(PROVIDED DATA):
※ ※ ※

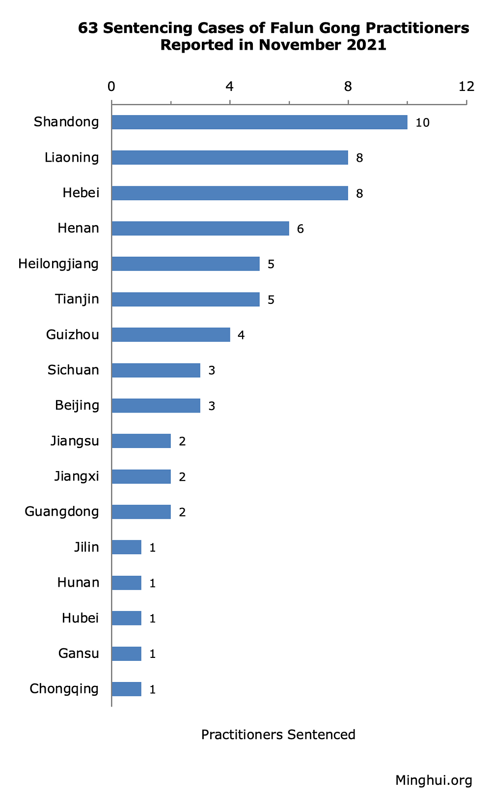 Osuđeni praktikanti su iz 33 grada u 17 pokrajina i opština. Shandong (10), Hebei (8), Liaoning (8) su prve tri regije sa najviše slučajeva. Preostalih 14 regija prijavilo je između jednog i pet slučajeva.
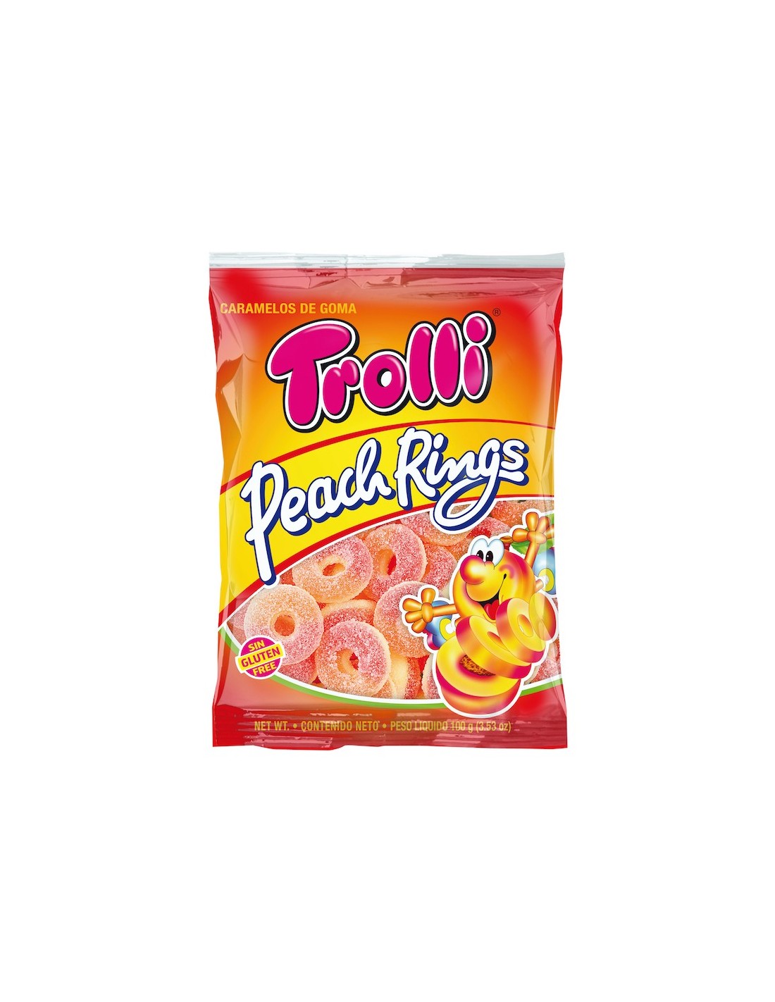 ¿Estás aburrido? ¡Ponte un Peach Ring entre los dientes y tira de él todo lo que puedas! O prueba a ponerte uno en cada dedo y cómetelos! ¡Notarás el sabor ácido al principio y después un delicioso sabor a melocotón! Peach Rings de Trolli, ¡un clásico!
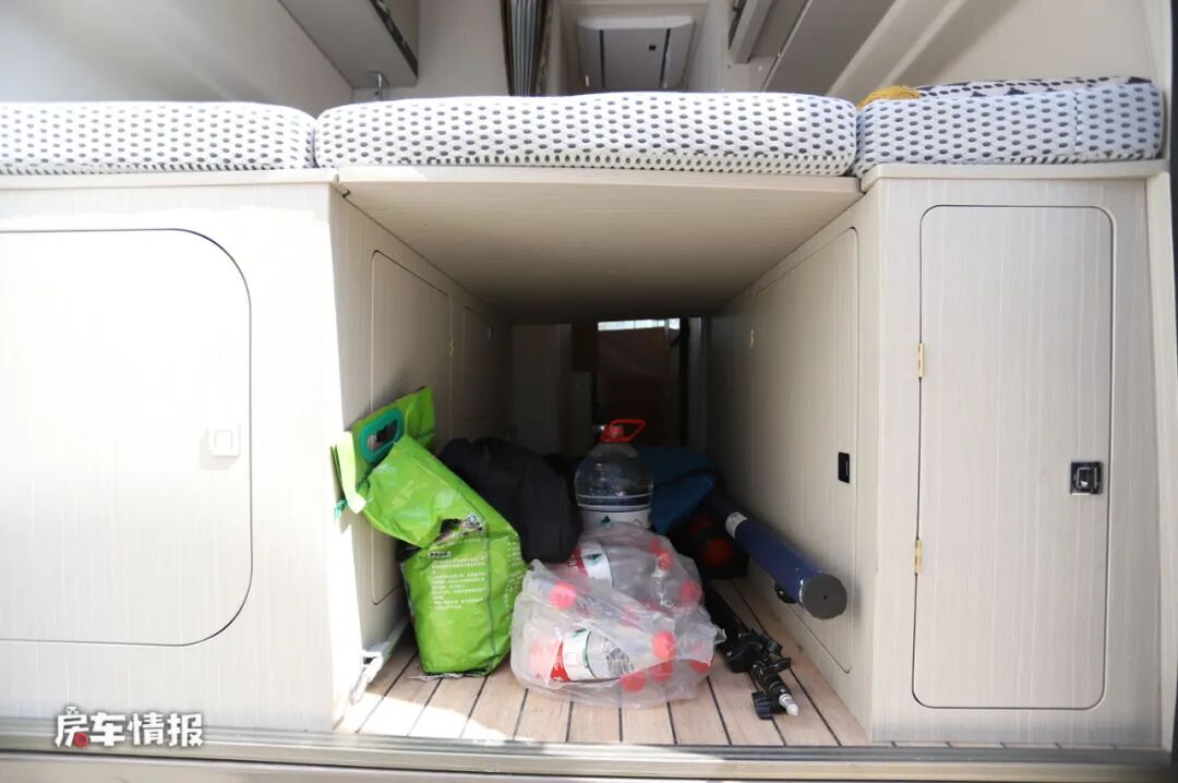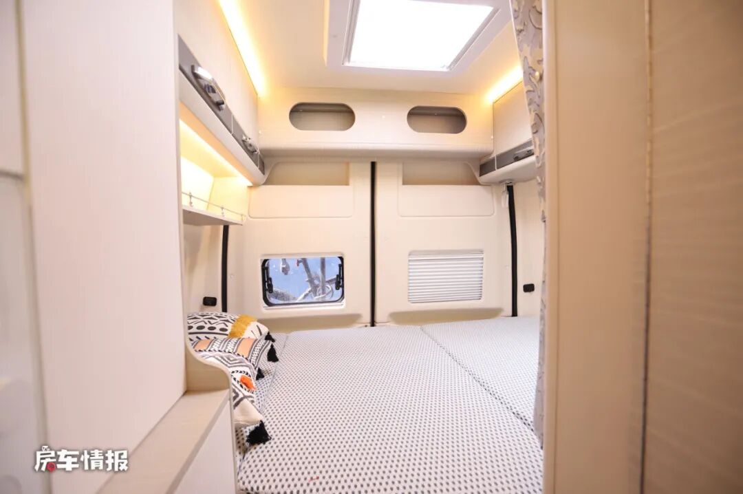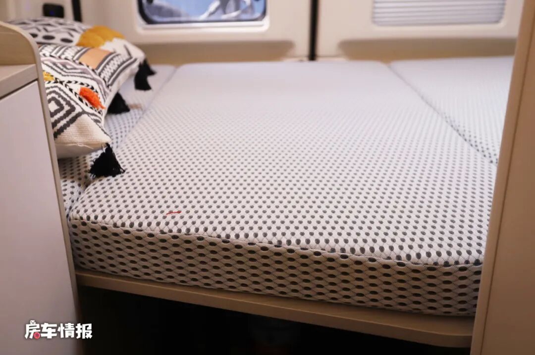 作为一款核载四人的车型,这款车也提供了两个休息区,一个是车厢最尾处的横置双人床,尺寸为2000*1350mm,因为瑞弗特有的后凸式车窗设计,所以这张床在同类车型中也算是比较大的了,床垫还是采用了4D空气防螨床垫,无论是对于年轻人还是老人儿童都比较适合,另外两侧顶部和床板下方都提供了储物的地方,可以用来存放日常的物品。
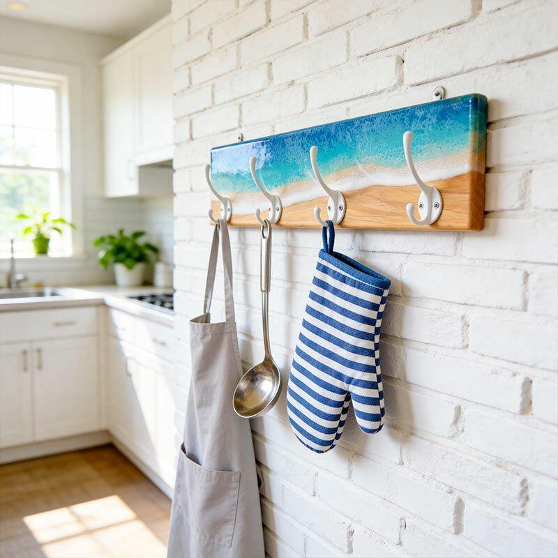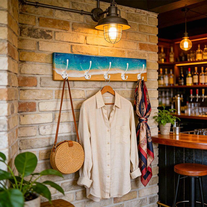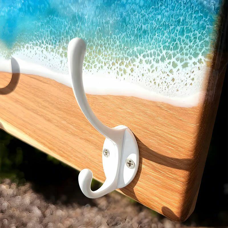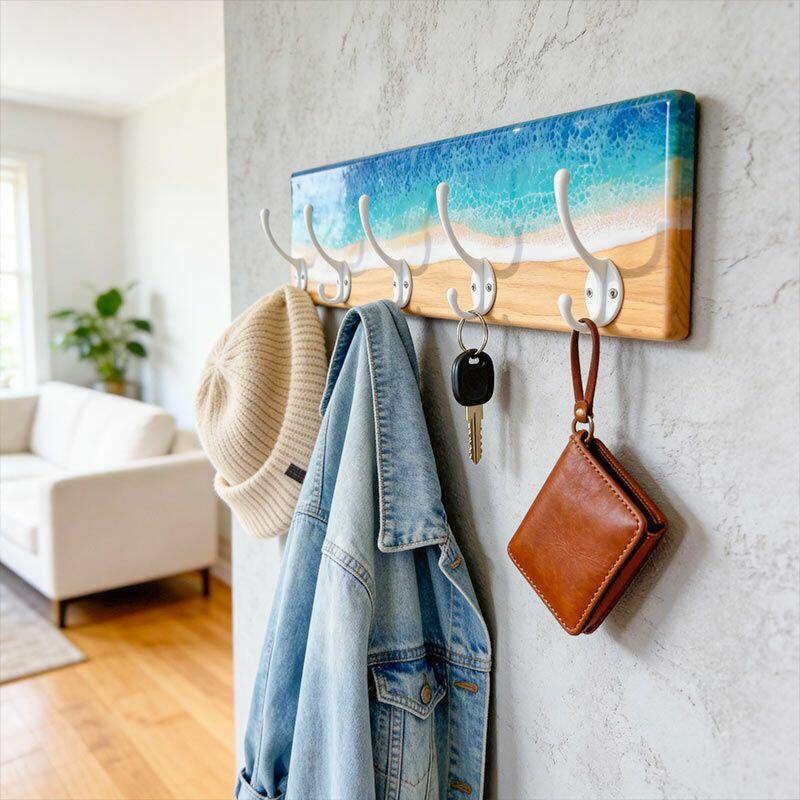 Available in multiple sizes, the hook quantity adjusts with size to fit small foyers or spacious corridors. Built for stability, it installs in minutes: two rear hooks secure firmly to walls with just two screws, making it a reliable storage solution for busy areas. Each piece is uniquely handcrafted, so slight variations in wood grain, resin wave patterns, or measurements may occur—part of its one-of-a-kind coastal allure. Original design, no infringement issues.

※ ※ ※

(PROBLEM):
Retype the data exactly; images stay out.

(EXERCISE ANSWER):
 Osuđeni praktikanti su iz 33 grada u 17 pokrajina i opština. Shandong (10), Hebei (8), Liaoning (8) su prve tri regije sa najviše slučajeva. Preostalih 14 regija prijavilo je između jednog i pet slučajeva.
 ¿Estás aburrido? ¡Ponte un Peach Ring entre los dientes y tira de él todo lo que puedas! O prueba a ponerte uno en cada dedo y cómetelos! ¡Notarás el sabor ácido al principio y después un delicioso sabor a melocotón! Peach Rings de Trolli, ¡un clásico!
 作为一款核载四人的车型,这款车也提供了两个休息区,一个是车厢最尾处的横置双人床,尺寸为2000*1350mm,因为瑞弗特有的后凸式车窗设计,所以这张床在同类车型中也算是比较大的了,床垫还是采用了4D空气防螨床垫,无论是对于年轻人还是老人儿童都比较适合,另外两侧顶部和床板下方都提供了储物的地方,可以用来存放日常的物品。
 Available in multiple sizes, the hook quantity adjusts with size to fit small foyers or spacious corridors. Built for stability, it installs in minutes: two rear hooks secure firmly to walls with just two screws, making it a reliable storage solution for busy areas. Each piece is uniquely handcrafted, so slight variations in wood grain, resin wave patterns, or measurements may occur—part of its one-of-a-kind coastal allure. Original design, no infringement issues.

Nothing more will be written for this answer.